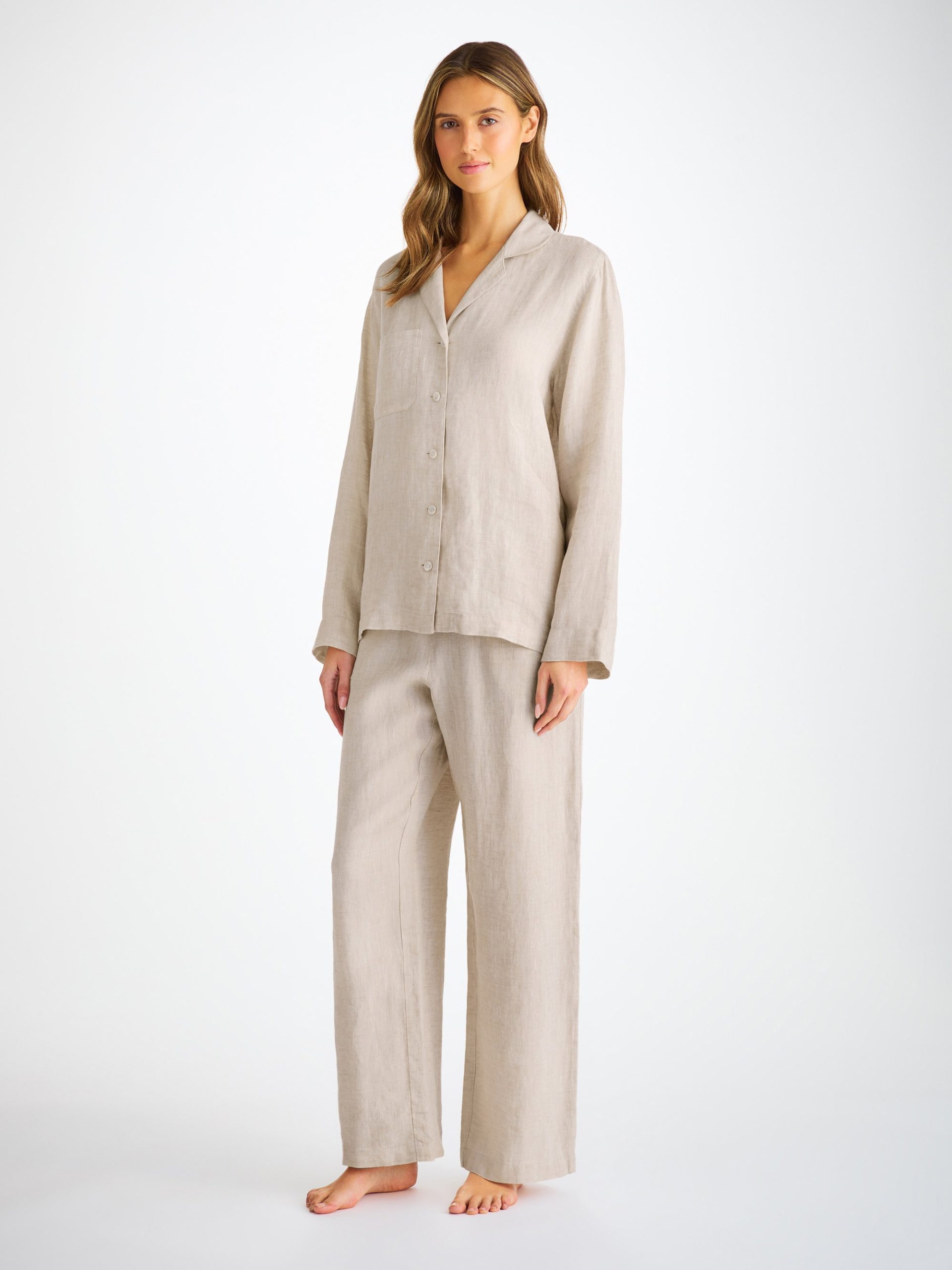 DEREK ROSE Women’s Pajamas Sicily Linen Sand Sand | WOMENS- Pajamas
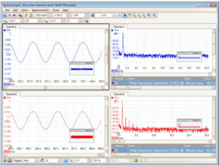 这个测试检测的是立体声放大器的失真度。它展示了PicoScope示波器如何自动检测谐波,即使是在时域波形看起来很整洁的情况下。PicoScope4262有足够的动态范围可以去捕捉这些信号中是否含有噪音或者是否产生失真。
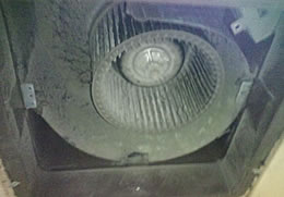 送風ファンと送風口がホコリやカビで汚れています。このような状態になるとクリーニングのサインですよ。
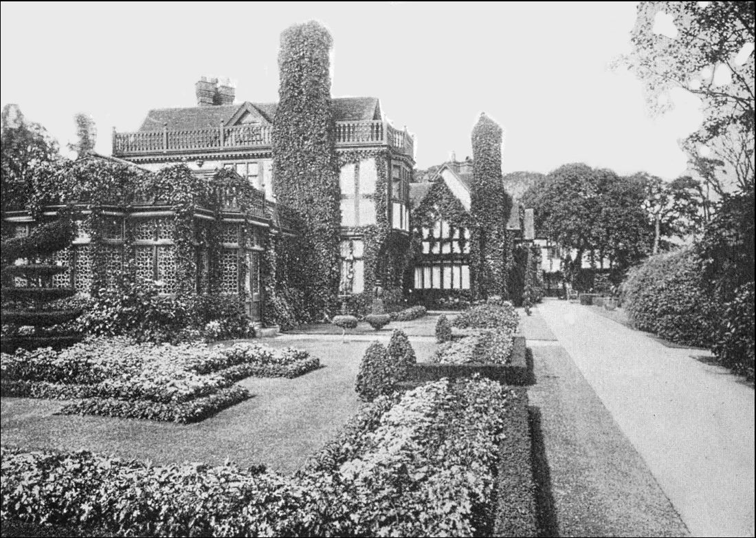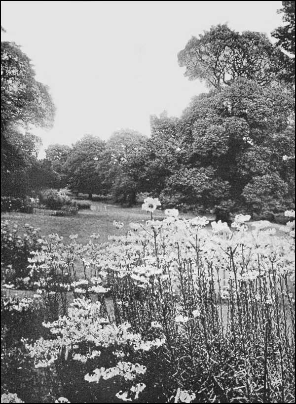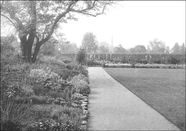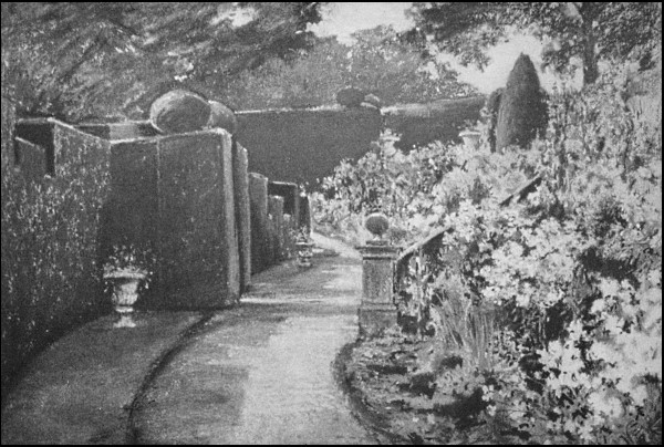 "The first step was to lay out the long, narrow strip of ground by the side of the wall parallel with Chapel Lane as a border for summer and autumn flowers—hollyhocks, canterbury-bells, lupins, larkspurs, crown imperials, lilies, and so on. As a background for these—and also to hide the ugly, cast-iron railings that disfigure the top of the wall—there was planted a row of yew trees. This border of some 300 feet long has been treated in the formal fashion of the olden time ... being divided into compartments, separated by 'buttresses' supporting 'pillars' or 'columns' surmounted by 'balls.'
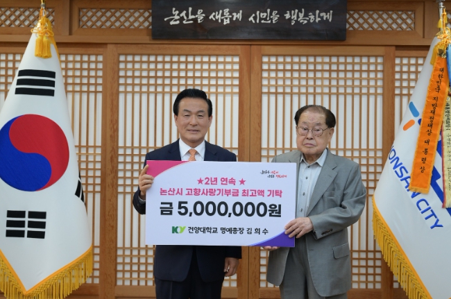 ▲ 논산 고향사랑 1호’ 김희수 총장, 2년 연속 최고액 500만 원 기부 |
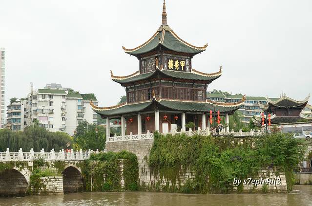 从黔灵公园打车到甲秀楼大概15元。甲秀楼算是贵阳的地标景点了,站在三层可以俯瞰南明河。来了甲秀楼可以一并看看附近的翠微园,一个小花园,内有茶馆,古风古色,较有味道。
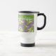 En nätt non-spill travel mug som ska personifieras, med ett art nouveaustilmönster av liljekonvaljer på en Mauve bakgrund; från det Posh & Painterly "för kärleken av lilja samling.
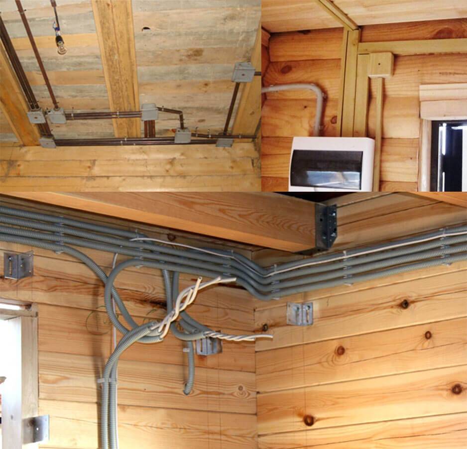 Считаю эти два способа прокладки проводов наиболее приемлемыми для зданий из древесины. Они не требую использования сложной технологии и отвечают правилам пожарной безопасности.
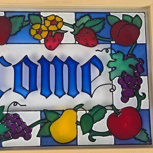"Welcome" Sign Painted Glass Fruit Motif Wooden Frame Kitchen Indoors Outdoors
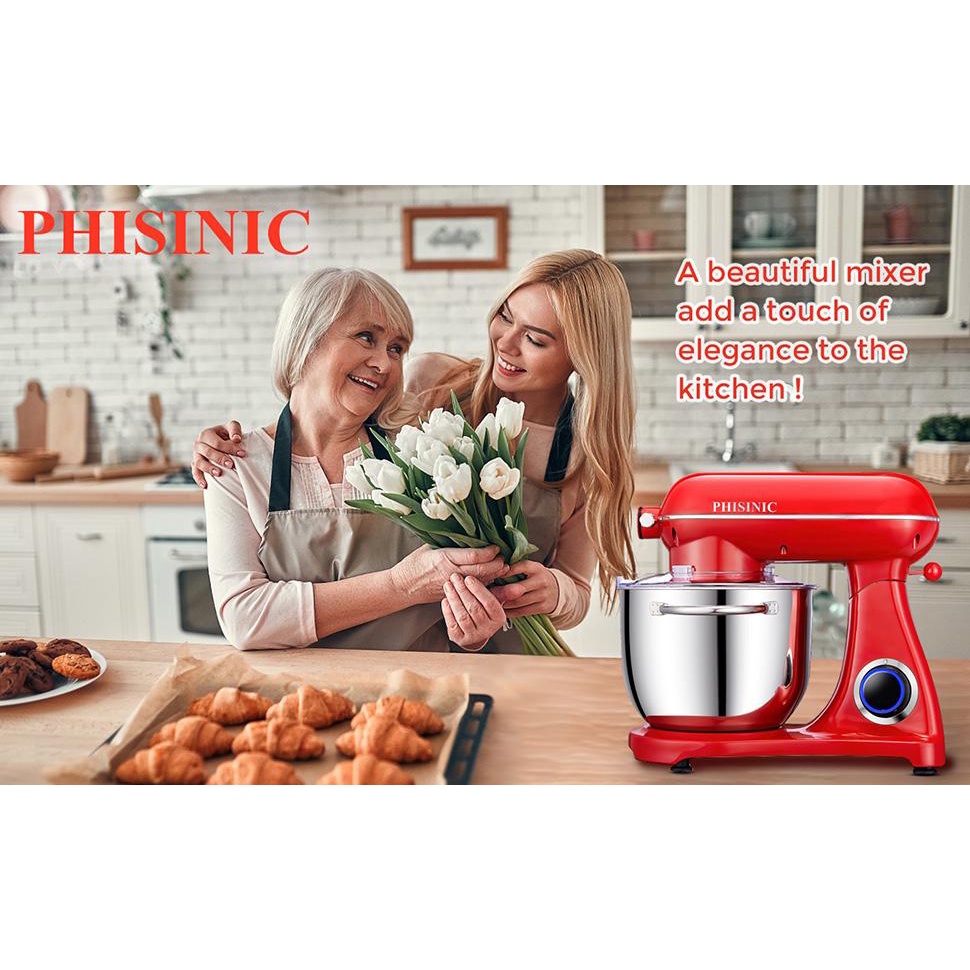 (Hàng xuất Đức) Máy nhào bột Phisinic / Cooklee 8L 1800W - Thân hợp kim nhôm không phải nhựa, 100% thố inox chạy êm ái
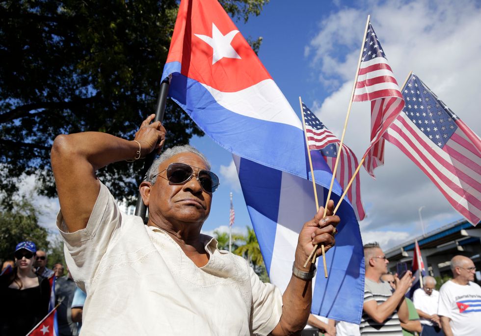 Evilio Ordonez holds Cuban and American flags during a protest against President Barack Obama's plan to normalize relations with Cuba, Saturday, Dec, 20, 2014, in the Little Havana neighborhood of Miami. (AP Photo/Lynne Sladky)
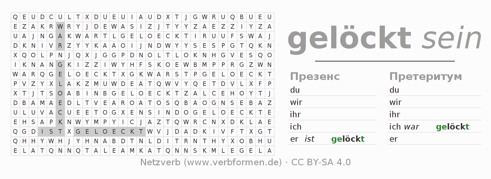 С помощью этих головоломок по поиску слов Вы можете подходящим для Вас способом изучать спряжение немецкого глагола löcken.

⁂

- [WHAT YOU WILL DO]
Please reproduce, word for word, every line from the first line of the records above through the line containing "从黔灵公园打车到甲秀楼大概1", and leave out the pictures.

- [OUTPUT FOR THIS TASK]
 DEREK ROSE Women’s Pajamas Sicily Linen Sand Sand | WOMENS- Pajamas
 这个测试检测的是立体声放大器的失真度。它展示了PicoScope示波器如何自动检测谐波,即使是在时域波形看起来很整洁的情况下。PicoScope4262有足够的动态范围可以去捕捉这些信号中是否含有噪音或者是否产生失真。
 送風ファンと送風口がホコリやカビで汚れています。このような状態になるとクリーニングのサインですよ。
 "The first step was to lay out the long, narrow strip of ground by the side of the wall parallel with Chapel Lane as a border for summer and autumn flowers—hollyhocks, canterbury-bells, lupins, larkspurs, crown imperials, lilies, and so on. As a background for these—and also to hide the ugly, cast-iron railings that disfigure the top of the wall—there was planted a row of yew trees. This border of some 300 feet long has been treated in the formal fashion of the olden time ... being divided into compartments, separated by 'buttresses' supporting 'pillars' or 'columns' surmounted by 'balls.'
 ▲ 논산 고향사랑 1호’ 김희수 총장, 2년 연속 최고액 500만 원 기부 |
 从黔灵公园打车到甲秀楼大概15元。甲秀楼算是贵阳的地标景点了,站在三层可以俯瞰南明河。来了甲秀楼可以一并看看附近的翠微园,一个小花园,内有茶馆,古风古色,较有味道。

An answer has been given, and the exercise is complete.